*** Opening of Data provided ***

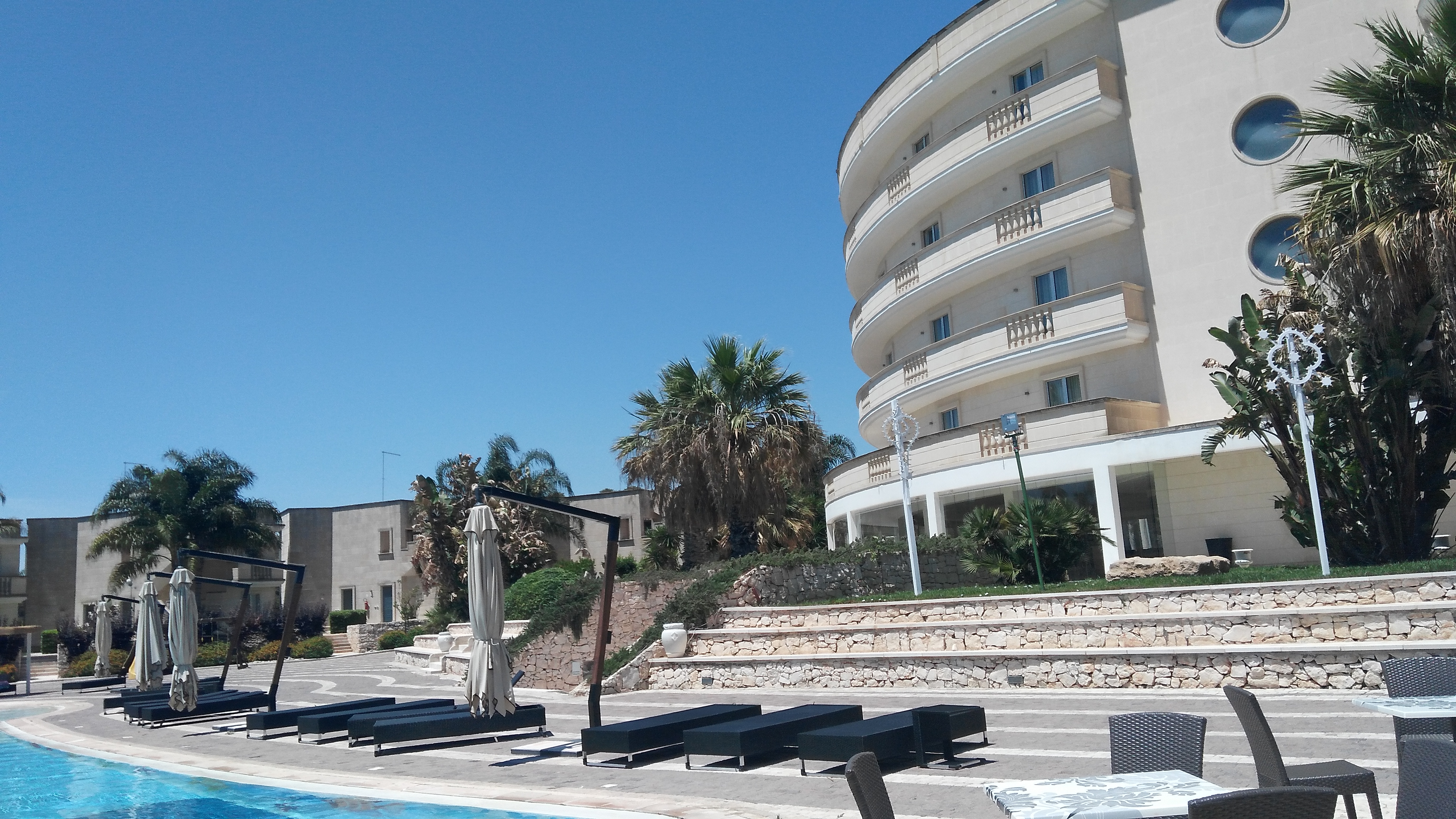 Хотел "Grand Hotel dei Cavalieri" 4* е разположен в западната част на тока на италианския ботуш, в курортното селище Кампомарино ди Маруджо – един от известните морски курорти в района на Таранто, на около 15 км от град Мандурия, познат с изключителното си вино "Примитиво ди Мандурия" и на около 40 км от центъра на историческия град Таранто. Летището в Бари отстои на около 150 км. Местоположението му е много благоприятно за опознаване на някои от най-атрактивните забележителности в регион Пулия. В близост до хотела има спирка на автобус до Таранто (цена: около 3 EUR в посока). От центъра на Кампомарино ди Маруджо могат да се хванат автобуси до Мандурия и Маруджо. В рамките на 1,8 км от хотела има ресторанти, пицарии, кафенета, барове, супермаркет, магазини, фризьор.
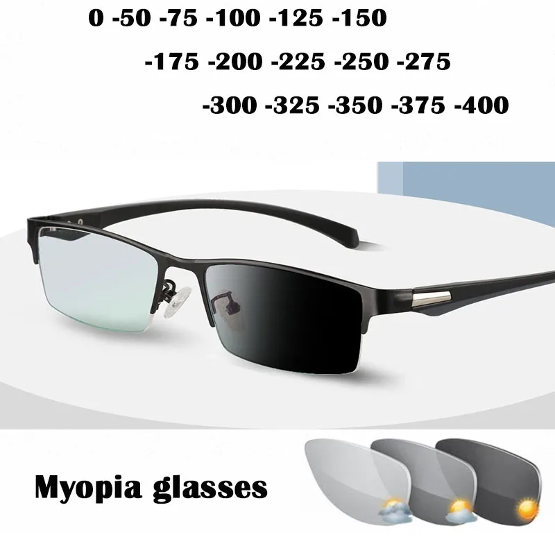 Мужские очки для близорукости новые фотохромные гибкие очки для близорукости высокое качество ультралегкие плоские зеркальные черные полуобода 0 -50 -75
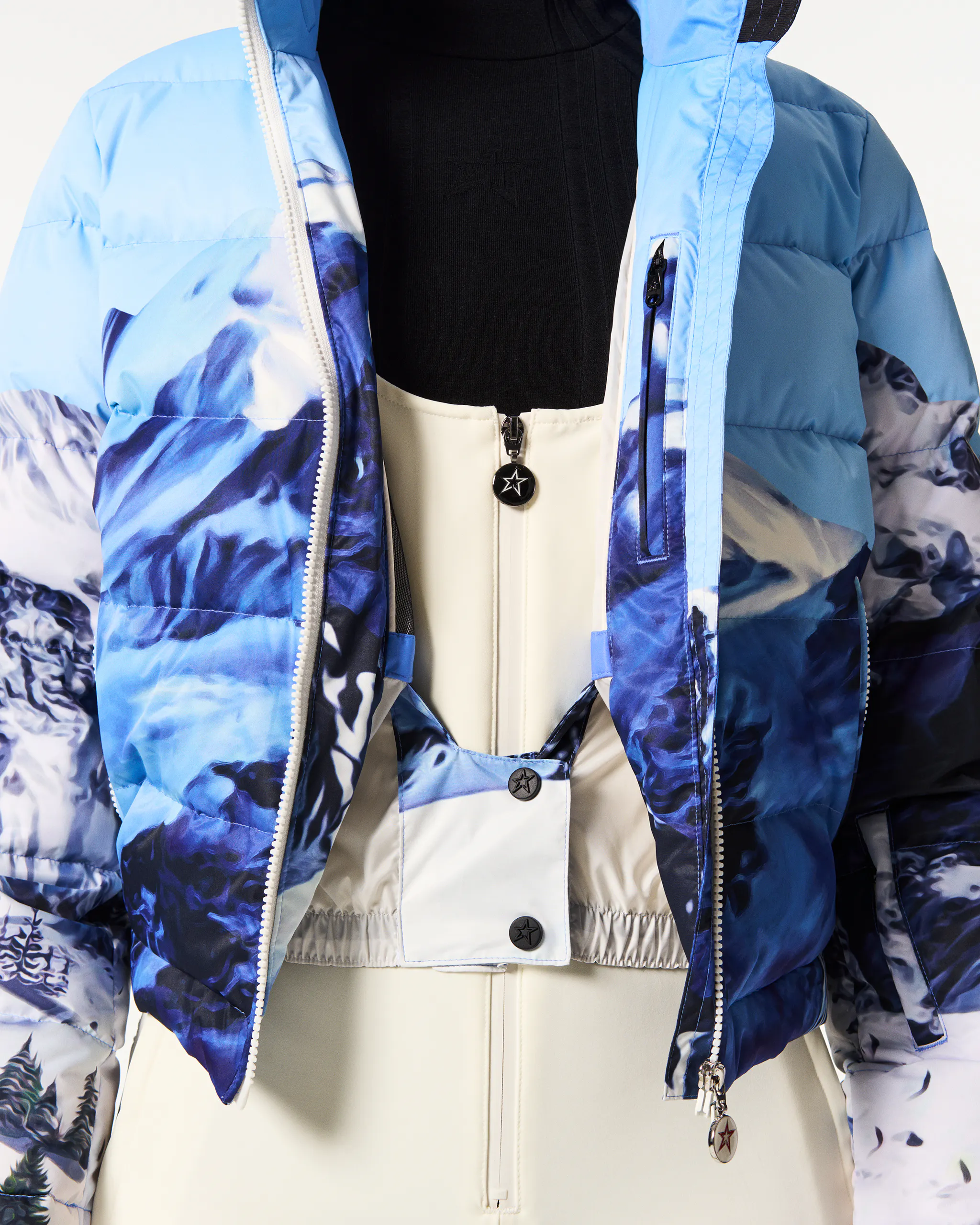 Our bestselling ski jacket returns for AW25—reengineered for even greater performance. The Polar Flare Ski Jacket is a Perfect Moment icon, known for its cropped, flared silhouette and flattering, feminine fit. Crafted from high-performance fabric, it’s fully water resistant and insulated with 700-fill-power down for serious warmth. This season, it’s reimagined in a mountain landscape print, capturing the view from the ski lift and the spirit of the slopes. Slope-ready features include a snap-down puller to lock the zip, high-neck collar, helmet-compatible hood, and adjustable snow skirt. With RECCO® technology and a full suite of internal and external pockets, it’s no wonder this is our number one bestseller.

*** Close of Data provided ***

### Your goal
What you produce must match the listing word for word, with no images in it.

### Exercise answer
 Хотел "Grand Hotel dei Cavalieri" 4* е разположен в западната част на тока на италианския ботуш, в курортното селище Кампомарино ди Маруджо – един от известните морски курорти в района на Таранто, на около 15 км от град Мандурия, познат с изключителното си вино "Примитиво ди Мандурия" и на около 40 км от центъра на историческия град Таранто. Летището в Бари отстои на около 150 км. Местоположението му е много благоприятно за опознаване на някои от най-атрактивните забележителности в регион Пулия. В близост до хотела има спирка на автобус до Таранто (цена: около 3 EUR в посока). От центъра на Кампомарино ди Маруджо могат да се хванат автобуси до Мандурия и Маруджо. В рамките на 1,8 км от хотела има ресторанти, пицарии, кафенета, барове, супермаркет, магазини, фризьор.
 Мужские очки для близорукости новые фотохромные гибкие очки для близорукости высокое качество ультралегкие плоские зеркальные черные полуобода 0 -50 -75
 Our bestselling ski jacket returns for AW25—reengineered for even greater performance. The Polar Flare Ski Jacket is a Perfect Moment icon, known for its cropped, flared silhouette and flattering, feminine fit. Crafted from high-performance fabric, it’s fully water resistant and insulated with 700-fill-power down for serious warmth. This season, it’s reimagined in a mountain landscape print, capturing the view from the ski lift and the spirit of the slopes. Slope-ready features include a snap-down puller to lock the zip, high-neck collar, helmet-compatible hood, and adjustable snow skirt. With RECCO® technology and a full suite of internal and external pockets, it’s no wonder this is our number one bestseller.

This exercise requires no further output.